START LISTED ENTRIES
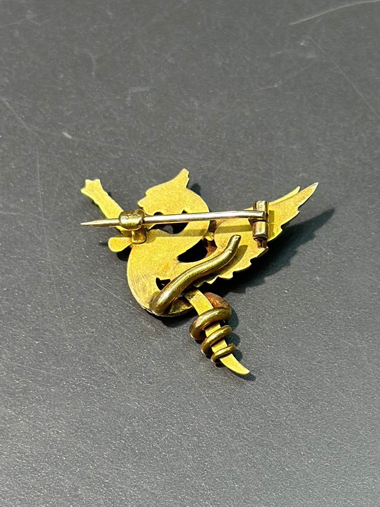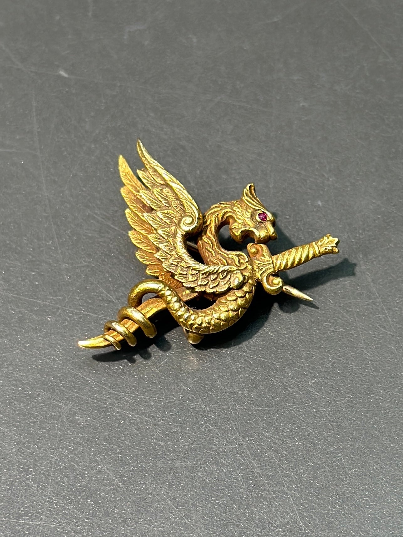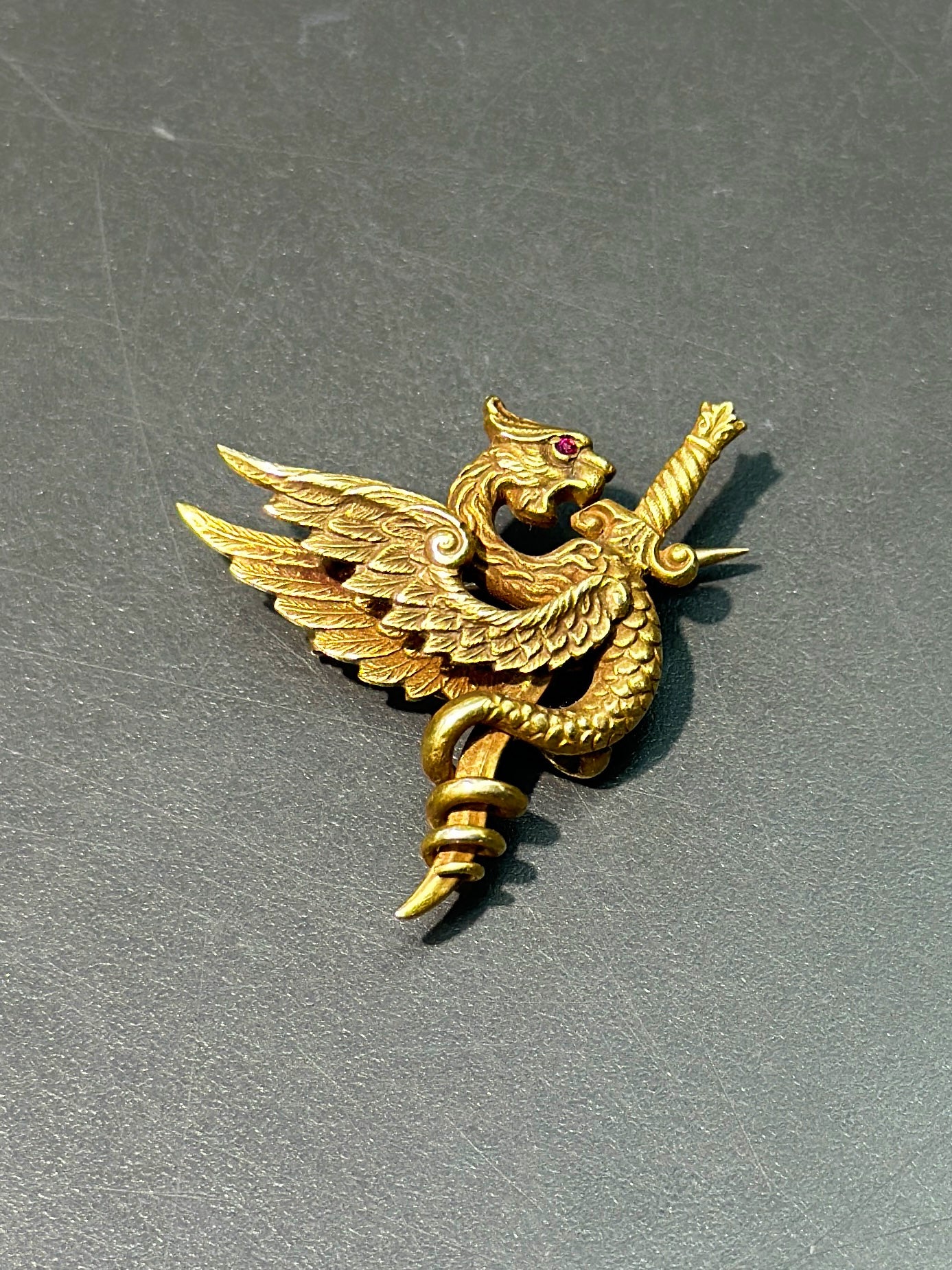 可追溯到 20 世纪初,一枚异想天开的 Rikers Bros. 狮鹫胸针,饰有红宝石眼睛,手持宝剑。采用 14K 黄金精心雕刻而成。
END LISTED ENTRIES
START LISTED ENTRIES
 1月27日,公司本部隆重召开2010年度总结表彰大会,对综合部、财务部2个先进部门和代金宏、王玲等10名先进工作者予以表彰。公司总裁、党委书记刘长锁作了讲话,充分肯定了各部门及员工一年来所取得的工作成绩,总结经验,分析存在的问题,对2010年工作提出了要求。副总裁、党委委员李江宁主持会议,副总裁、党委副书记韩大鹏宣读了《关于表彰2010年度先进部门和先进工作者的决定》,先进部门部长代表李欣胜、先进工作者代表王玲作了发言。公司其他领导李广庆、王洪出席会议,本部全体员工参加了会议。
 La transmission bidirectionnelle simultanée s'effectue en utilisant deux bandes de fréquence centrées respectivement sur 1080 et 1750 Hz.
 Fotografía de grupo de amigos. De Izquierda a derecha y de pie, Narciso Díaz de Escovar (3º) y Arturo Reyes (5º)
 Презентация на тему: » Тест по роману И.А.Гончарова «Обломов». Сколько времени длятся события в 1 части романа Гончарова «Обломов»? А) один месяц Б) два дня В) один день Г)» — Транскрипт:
END LISTED ENTRIES
START LISTED ENTRIES
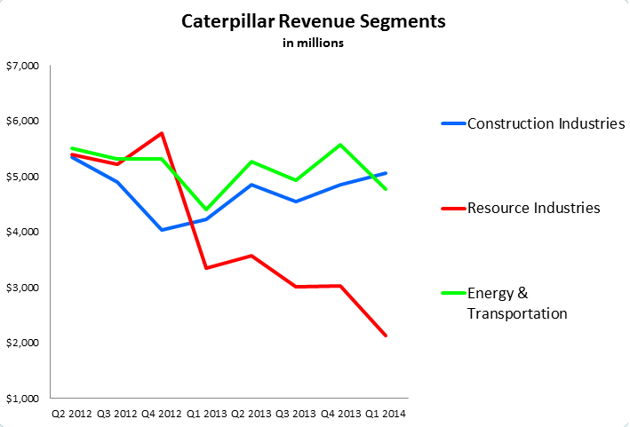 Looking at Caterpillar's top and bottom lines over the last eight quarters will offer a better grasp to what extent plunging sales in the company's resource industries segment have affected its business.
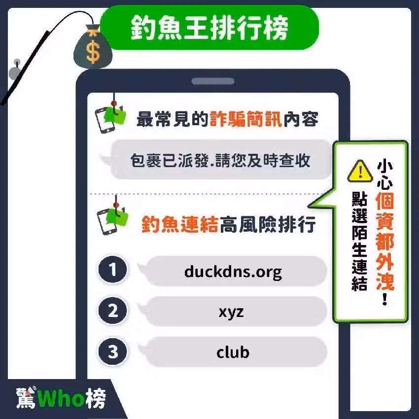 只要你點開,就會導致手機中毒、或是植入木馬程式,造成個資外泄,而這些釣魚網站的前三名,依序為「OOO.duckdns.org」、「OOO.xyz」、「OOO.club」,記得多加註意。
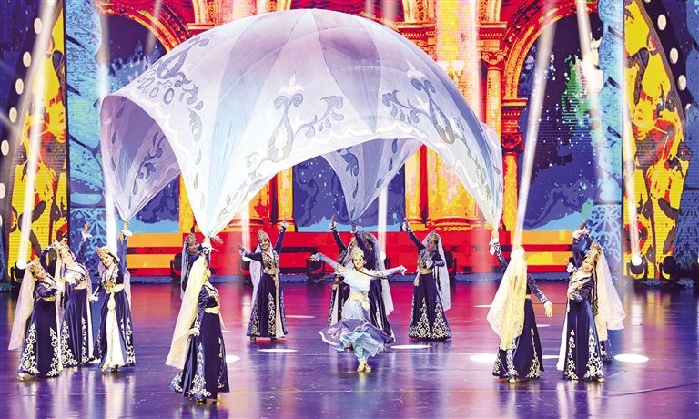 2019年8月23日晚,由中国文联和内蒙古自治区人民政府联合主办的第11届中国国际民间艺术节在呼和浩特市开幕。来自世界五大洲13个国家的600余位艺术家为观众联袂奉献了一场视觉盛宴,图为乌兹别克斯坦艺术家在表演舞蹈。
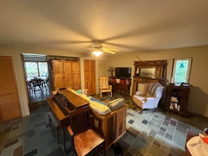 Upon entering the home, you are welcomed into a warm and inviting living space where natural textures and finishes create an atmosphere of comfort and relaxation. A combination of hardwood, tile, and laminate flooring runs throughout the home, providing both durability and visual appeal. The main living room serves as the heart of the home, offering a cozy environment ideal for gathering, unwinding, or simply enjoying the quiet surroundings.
END LISTED ENTRIES
TASK DESCRIPTION -> Scan the listing above for the line that has "La transmission bidirectionnelle", then copy exactly from that line through the line that has "Тест по роману".

PROBLEM SOLUTION ->
 La transmission bidirectionnelle simultanée s'effectue en utilisant deux bandes de fréquence centrées respectivement sur 1080 et 1750 Hz.
 Fotografía de grupo de amigos. De Izquierda a derecha y de pie, Narciso Díaz de Escovar (3º) y Arturo Reyes (5º)
 Презентация на тему: » Тест по роману И.А.Гончарова «Обломов». Сколько времени длятся события в 1 части романа Гончарова «Обломов»? А) один месяц Б) два дня В) один день Г)» — Транскрипт:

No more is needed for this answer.